Institutional abbreviations.—MPCA-Pv, Vertebrate Paleontology collection of the Museo Provincial de Cipolletti “Carlos Ameghino”, Río Negro, Argentina.
Location and geological setting
Salitral Moreno is approximately 25 km south of General Roca city, in the centre-north of Río Negro province, Argentina (Fig. 1). Here, sediments of the Allen Formation are partially exposed, and they have been dated as early Maastrichtian (Bertels 1964, 1969; Legarreta and Gulisano 1989), Campanian—Maastrichtian (Ballent 1980; Uliana and Dellapé 1981) and late Campanian—early Maastrichtian (Hugo and Leanza 2001).
The exposures of the Allen Formation at Salitral Moreno, and at the neighbouring locality of Salitral Ojo de Agua, probably correspond to its Mid Member (Salgado et al. 2007), recognized for the first time by Andreis et al. (1974) in the area of Lago Pellegrini-Cinco Saltos (Río Negro Province). All the specimens described in this work, as well as those assigned to hadrosaurs (Coria 2009) and ankylosaurs (Salgado and Coria 1996), and theropods (Coria and Salgado 2005), come from at least four small quarries in an area of 0.12 km2, defined by the following coordinates: 39°17′51. 39″S, 67°32′35.74″W; 39°17′48.28″S. 67°32′3.24″W; 39° 17′56.45″S, 67°23′35.90″W, and 39°17′52.98″S, 67°32′ 1.88″E. In the stratigraphic profiles of Simón (2006: fig. 2), the specimens come from NF1 and NF4, at the base of the sequences. In particular, Rocasaurus muniozi gen. et sp. indet. 1, and the ankylosaur materials probably come from NF1, whereas Aeolosaurus gen. et sp. indet. 2–4, probably come from NF4.
Saurischia Seeley, 1888
Sauropodomorpha Huene, 1932
Sauropoda Marsh, 1878
Titanosauria Bonaparte and Coria, 1993
Genus Aeolosaurus Powell, 1987a
Type species: Aeolosaurus rionegrinus Powell, 1986; Ingeniero Jacobacci, Maastrichtian.
Material.—A single specimen (MPCA-Pv 27174) represented by three anterior caudal vertebrae, one mid-caudal, one mid-posterior caudal, right ulna, left radius, metacarpal III, left pubis, and right ischium. A second specimen (MPCA-Pv 27175) is represented only by a left ulna. Salgado and Coria (1993) provided a brief description of most of these elements. In this work, we re-describe the already published material and describe for the first time other material very probably belonging to a third specimen, a left ulna, MPCA-Pv 27180. Besides, there is a lot of material of Aeolosaurus sp. that could belong to any of these three specimens: a left humerus (MPCA-Pv 27176), a left femur (MPCA-Pv 27177), a metatarsal I (MPCA-Pv 27178), and a haemal arch (MPCA-Pv 27179). In addition, there is a partial sacrum, assigned to the specimen MPCA-Pv 27174 by Salgado et al. (1997), that clearly comes from a much smaller sauropod. All from Salitral Moreno locality, Rio Negro, Argentina, Campanian—Maastrichtian, Upper Cretaceous.

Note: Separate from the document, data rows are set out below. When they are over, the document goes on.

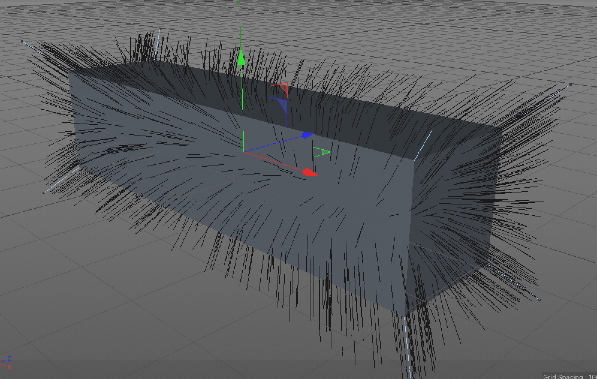 Nella seconda ipotesi, nel pannello guide, ho cambiato la zona di creazione e gli ho detto un altra cosa...al di la del risultato il problema qua e' meno evidente anche se ancora non ci siamo, perche' la guida centrale ha colliso correttamente e ha creato il mucchio di peli centrali, ma siccome ho pochissime guide il resto si e' interpolato alla guida ciondolona, e quindi si sono compenetrati.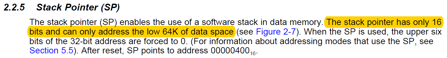 堆栈指针只能访问0xFFFF、所以我们不能将.stack 分配给地址高于0xFFFF 的 RAM 空间、对吧?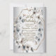 Watercolor White Flowers Golden Frame Silver Teal Invitation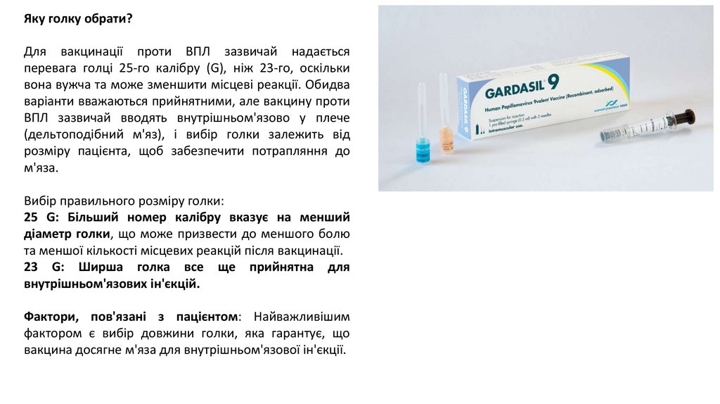 Яку голку обрати?Для вакцинації проти ВПЛ зазвичай надається

Anterior (1st and 2nd?) caudal vertebra.—Salgado and Coria (1993) mentioned but did not describe two large, anterior caudal vertebrae, which confidently belong to the specimen MPCA-Pv 27174. These elements are incomplete and badly crushed, but some characters are easily distinguishable. The wide centrum is only slightly procoelous; its lateral faces are anteroposteriorly concave and dorsoventrally plane; in lateral view, the robust articulations for the haemapophyses are prominent. The neural arch is robust and the neural canal is wide. The small and slender transverse processes are clearly observed (Fig. 2A). The neural spine is not preserved.
Anterior (3rd?) caudal vertebra.—Unlike the elements previously described, the centrum of this vertebra is strongly procoelous, with broad articular surfaces (Salgado and Coria 1993). Its lateral faces are anteroposteriorly concave and dorsoventraly plane. The ventral face is only slightly anteroposteriorly concave.
The base of the neural arch occupies all the anteroposterior length of the centrum. The transverse processes are placed on the neural arch, just above the centrum-arch boundary. These are robust and directed posterolaterally (Fig. 2B, Supplementary Online Material: SOM 1 available at http://app.pan.pl/SOM/app58-Garcia_Salgado_SOM.pdf)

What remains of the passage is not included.